If it were shown that plaintiff’s injuries were the result of the defendant’s culpable ignorance of his perilous situation, he could appeal to the law for relief, but in view of the findings to the effect that the plaintiff in entering upon the wrong track was culpably ignorant of his danger, and that he consciously and negligently placed himself in its way, we are of the opinion that, under all the attending circumstances, the failure to keep a proper lookout was not the proximate cause of the injuries. The fact that pedestrians in large numbers were accustomed to use the tracks between Reno and Sparks as a walkway would not excuse or justify one of this class to voluntarily, for his own convenience or pleasure, run a velocipede car thereon. If injury resulted, such person would have to bear the consequences of his own wrong. Was plaintiff, who knew the traffic-movement rule, and who is not shown to be excusably ignorant of his danger, to be placed in a better position than a mere stranger ? It is true the plaintiff may not have had in mind, as he testified, the switch engine and did not expect any train to be coming toward him without a light, but it was this expectation that proved to be disastrous. In excuse for not taking the proper track, it is urged that by the rules of the company switching engines were permitted to run on either track, but, notwithstanding this rule, the jury found that it was negligent for plaintiff to run his car on the track on which he was injured. It is further insisted that the jury found that the plaintiff, as a reasonable man, should have known, or expected, or had reason to expect, that the engine ought to comply with the rule of the company and carry the prescribed light so as to warn plaintiff of danger and the approach of the engine.

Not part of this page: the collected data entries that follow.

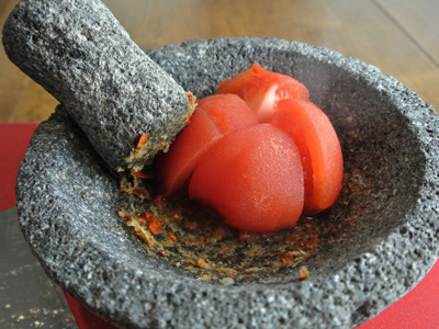 **This is the amount that will fill most molcajete’s.  It you would like to double the recipe, just pour the prepared salsa into a bowl and begin grinding the next batch.
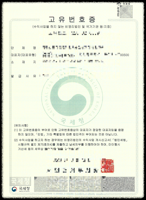 정관과 회의록을 갖춘 뒤에는 관할 세무서에 단체의 승인신청서를 제출하여 고유번호증을 발급받습니다. 고유번호증을 받으면 단체 명의로 통장 개설, 회비 및 후원금 관리, 각종 계약 등이 가능합니다.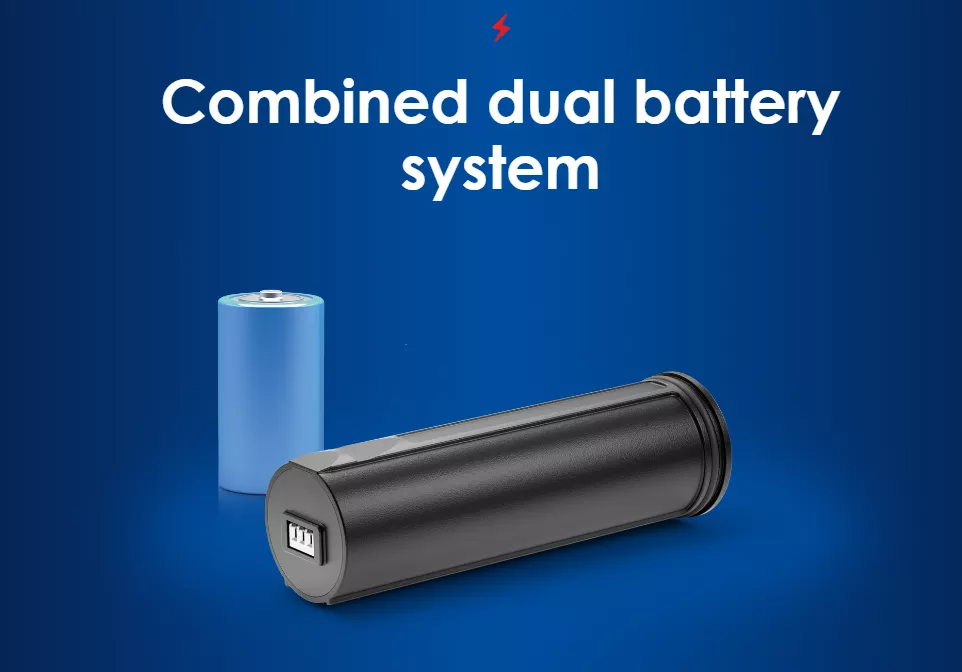 Stromversorgung durch zwei wiederaufladbare Batterien: eine interne 4-Ah-Batterie und eine austauschbare 3,2-Ah-Batterie, die mit einer einzigen Ladung bis zu 7 Stunden hält. Die Steckdose am Gehäuse des austauschbaren Akkus bestimmt die richtige Position, so dass Sie einen leeren Akku in völliger Dunkelheit mit nur einer Berührung schnell und sicher durch einen neuen ersetzen können.

The effect of this finding is destroyed by the related finding that it was negligence on the part of plaintiff, notwithstanding the rule, to run his car on the track on *110which he was injured. The plaintiff was not justified in relying upon any such rule, as the result shows. If a person could implicitly rely upon the company’s employees performing their duties, and if such reliance would excuse the plaintiff from using precautions for his own protection, then there could be no room whatever for the application of the doctrine of contributory negligence.

Was the act or omission complained of of such character as to preclude the defense of contributory negligence? We have before us a “cold, unimaginative record.” The collision of the car and engine was not of an unusual or remarkable character. The jury attributed the injuries to the negligence of both contending parties. But it is insisted that the defendant’s act. or omission transcended the bounds of negligence and became a wanton, wilful act perpetrated in reckless disregard of plaintiff’s safety. The cases that have undertaken to define in abstract terms wanton or wilful conduct are legion. Before a court of review should so denominate any conduct it should be sure it has beforei it the judgment of a jury on that question. I. C. R. R. Co. v. Klein, 95 Ill. App. 231; Denny v. Chicago R. I. & P. Ry. Co., 150 Iowa, 460, 130 N. W. 364.

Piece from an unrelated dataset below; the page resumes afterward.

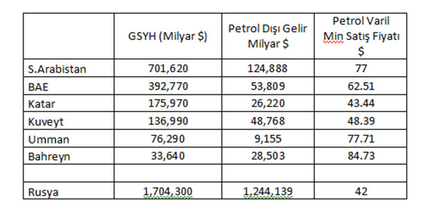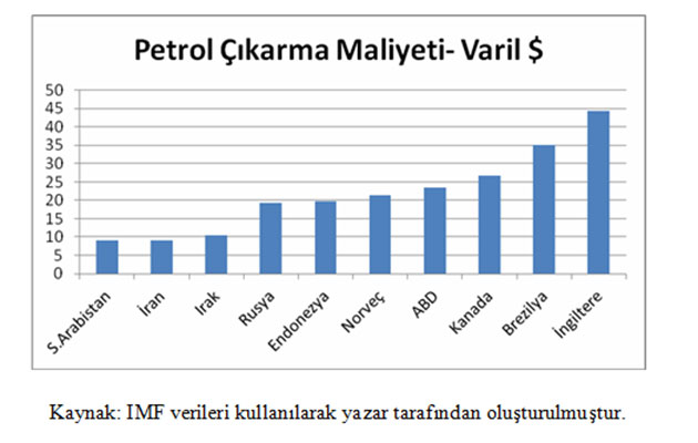 Petrol çıkarılma maliyetleri yukarıda görülmektedir. S.Arabistan en düşük maliyetle petrol çıkartmaktadır fakat bütçe gelirlerinde % 83 bir payın olması yani petrol dışı gelirlerinin neredeyse olmaması sebebiyle fiyat düşüklüğü bütçe dengelemelerinde sorun yaşayacaklardır. Bu durum petrol dışı gelirlerin çok az olduğu körfez ülkeleri için uzun vadede sürdürülebilir bir durum değildir. Rusya'da petrol fiyatında her 10 dolarlık düşüş, döviz gelirlerini ortalama 20 milyar dolar azaltmaktadır. Bu durumun Rusya için de sürdürülemez olduğu aşikârdır.

5. In response to the inquiry for a special finding in respect to the character of the defendant’s negligence, the jury were asked: “Q. If you find that plaintiff’s injuries wére caused by the negligence of defendant or its employees, was such negligence gross or wanton or with a careless disregard for the safety of plaintiff, or aggravated misconduct?” The jury found: “Careless disregard.” This finding rebuts the assumption that the act complained of was “wilful,” “wanton” or “aggravated misconduct,” or “reckless disregard” of plaintiff’s safety.

Our conclusion is that the special findings of facts made by the jury are inconsistent with their general verdict.

*111The order and judgment appealed from are reversed. The cause is remanded for a new trial.

It is so ordered.

McCarran, C. J.: I concur in the order.